Na época em que Tye montou seu laboratório no Picower Institute for Learning and Memory do MIT em 2012, ela estava a seguir as conexões neurais da amígdala a lugares como o córtex pré-frontal, conhecido como o executivo do cérebro, e o hipocampo, a sede da memória episódica . O objetivo era construir mapas dos circuitos cerebrais nos quais confiamos para compreender o mundo, dar sentido à nossa experiência momento a momento e responder a diferentes situações.

Ela começou a estudar a solidão em grande parte por acaso. Enquanto procurava por novos pós-doutorandos, Tye se deparou com o trabalho de Gillian Matthews. Como estudante de pós-graduação no Imperial College London, Matthews fez uma descoberta inesperada quando separou os ratos em suas experiencias. O isolamento social – o próprio fato de estar sozinho – parecia ter alterado as células cerebrais chamadas neurónios DRN de uma forma que implicava que eles poderiam desempenhar um papel na solidão.

Tye viu imediatamente as possibilidades. “Oh, meu Deus – isto é incrível!” ela se lembra de ter pensado. O fato de os sinais de isolamento social poderem ser atribuídos a uma parte específica do cérebro fazia total sentido para ela. “Mas onde está e como você o encontraria? Se esta pudesse ser a região, pensei, seria muito interessante. ” Em todos os seus estudos sobre neurónios, diz Tye, “Eu nunca tinha visto nada sobre isolamento social antes. Sempre.”

Tye percebeu que se ela e Matthews pudessem construir um mapa de um circuito de solidão, eles poderiam responder no laboratório exatamente aos tipos de perguntas que ela esperava explorar: como o cérebro confere significado ao isolamento social? Por outras palavras, como e quando a experiência objetiva de não estar perto de outras pessoas se torna a experiência subjetiva de solidão? O primeiro passo foi entender melhor o papel que os neurónios DRN desempenhavam neste estado mental. 

Neurónios DRN são mostrados aqui dentro do sistema de dopamina e circuitos a jusante.

Uma das primeiras coisas que Tye e Matthews notaram foi que, quando estimulavam estes neurónios, os animais eram mais propensos a buscar interação social com outros ratos. Numa experiencia posterior, eles mostraram que os animais, quando dada a escolha, evitavam ativamente áreas das suas gaiolas que, ao entrarem, desencadeavam a ativação dos neurónios. Isto sugeria que a sua busca por interação social era motivada mais pelo desejo de evitar a dor do que de gerar prazer – uma experiência que imitava a experiência “aversiva” de solidão.
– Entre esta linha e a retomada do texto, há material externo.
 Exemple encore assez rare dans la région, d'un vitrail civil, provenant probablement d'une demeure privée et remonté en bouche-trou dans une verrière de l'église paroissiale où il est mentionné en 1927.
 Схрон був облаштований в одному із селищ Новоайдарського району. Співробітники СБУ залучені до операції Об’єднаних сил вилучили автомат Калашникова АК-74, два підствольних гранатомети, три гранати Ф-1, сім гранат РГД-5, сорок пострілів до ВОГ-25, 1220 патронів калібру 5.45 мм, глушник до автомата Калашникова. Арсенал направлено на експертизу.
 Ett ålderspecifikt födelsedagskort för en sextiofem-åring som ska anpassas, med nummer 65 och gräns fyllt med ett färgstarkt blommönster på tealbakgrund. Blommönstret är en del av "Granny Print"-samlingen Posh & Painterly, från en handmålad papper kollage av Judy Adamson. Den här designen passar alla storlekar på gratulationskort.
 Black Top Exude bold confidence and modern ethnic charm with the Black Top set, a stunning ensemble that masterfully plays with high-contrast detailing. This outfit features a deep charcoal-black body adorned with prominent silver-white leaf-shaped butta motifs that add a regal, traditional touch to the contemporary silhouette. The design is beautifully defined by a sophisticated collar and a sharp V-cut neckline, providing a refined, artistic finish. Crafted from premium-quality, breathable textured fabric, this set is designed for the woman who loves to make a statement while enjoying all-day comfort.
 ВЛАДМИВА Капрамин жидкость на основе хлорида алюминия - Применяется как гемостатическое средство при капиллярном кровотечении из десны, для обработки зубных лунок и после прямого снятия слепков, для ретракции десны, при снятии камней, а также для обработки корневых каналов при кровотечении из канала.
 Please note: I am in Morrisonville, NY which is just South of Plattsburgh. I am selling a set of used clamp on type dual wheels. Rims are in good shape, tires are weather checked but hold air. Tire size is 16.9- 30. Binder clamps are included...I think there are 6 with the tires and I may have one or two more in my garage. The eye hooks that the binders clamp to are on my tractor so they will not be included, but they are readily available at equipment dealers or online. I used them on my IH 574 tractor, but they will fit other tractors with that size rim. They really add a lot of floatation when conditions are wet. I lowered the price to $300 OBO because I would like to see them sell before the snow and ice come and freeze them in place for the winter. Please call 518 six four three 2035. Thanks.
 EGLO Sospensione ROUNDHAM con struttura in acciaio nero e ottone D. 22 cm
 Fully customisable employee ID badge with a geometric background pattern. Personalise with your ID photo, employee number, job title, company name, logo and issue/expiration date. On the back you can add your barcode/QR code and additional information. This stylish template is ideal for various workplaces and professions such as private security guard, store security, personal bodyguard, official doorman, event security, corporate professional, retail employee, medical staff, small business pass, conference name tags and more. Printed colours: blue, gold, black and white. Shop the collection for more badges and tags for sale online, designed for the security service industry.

Numa experiencia de acompanhamento, os investigadores colocaram alguns dos ratos em confinamento solitário por 24 horas e depois os reintroduziram em grupos sociais. Como era de se esperar, os animais procuraram e passaram uma quantidade incomum de tempo interagindo com outros animais, como se estivessem “solitários”. Então Tye e Matthews isolaram os mesmos camundongos novamente, desta vez usando optogenética para silenciar os neurónios DRN após o período na solitária. Desta vez, os animais perderam o desejo de contato social. Era como se o isolamento social não tivesse sido registado nos seus cérebros.

Os cientistas sabem há muito tempo que o cérebro abriga o equivalente biológico do medidor de combustível de um carro – um sistema homeostático complexo que permite que nossa massa cinzenta rastreie o estado de nossas necessidades biológicas básicas, como alimentos, água e sono. O objetivo do sistema é nos conduzir a comportamentos que visam manter ou restaurar o nosso estado natural de equilíbrio. 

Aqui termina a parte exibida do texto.